The ebb and flow…I seem to have these peaks and dips, like everyone else I assume, in my mood. I’ll go a few days or weeks feeling very positive and energetic, and then the low point creeps in. Everything looks bleak, I obsess over the inevitable and the depressing, and I lose even the basic motivation required to tolerate those around me.
It’s during these times that I miss ol’ Nebraska. Not the state of course, but the people. Having a support network, and friends, other than my wife. She’s great, but sometimes I just need some musicians around to jam with, and get ideas out. I haven’t had that in 3 years.

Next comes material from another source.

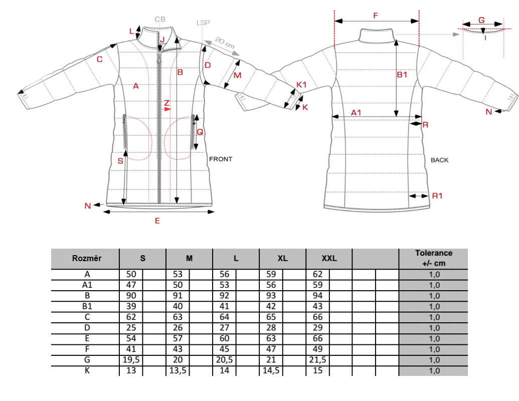 - Kroj: Prošivena, povišeni ovratnik, patentni zatvarač po cijeloj dužini

Strangely enough, when I’m feeling depressed I actually don’t make much music. My music is like me taking an emotional and contemplative shit. When I have writers block (as I do now) my mind gets all backed up. I can’t get the demons out so they just build up and drag me down. Eventually the mental floodgates will open, it will all pour out, and I’ll be fine again. Until then I am frustrated, paranoid, anxios, angry, disappointed, and struggling to not appear to be any of these things so that I camaintain invisibility from those around me.
I can still remember a time when I was myself around a few select friends. Now we’ve scattered ourselves around this country and my only refuge is found with my wife. She’s my life preserver in this ocean of mental excrement. I have to wonder if I’ll eventually deflate even her.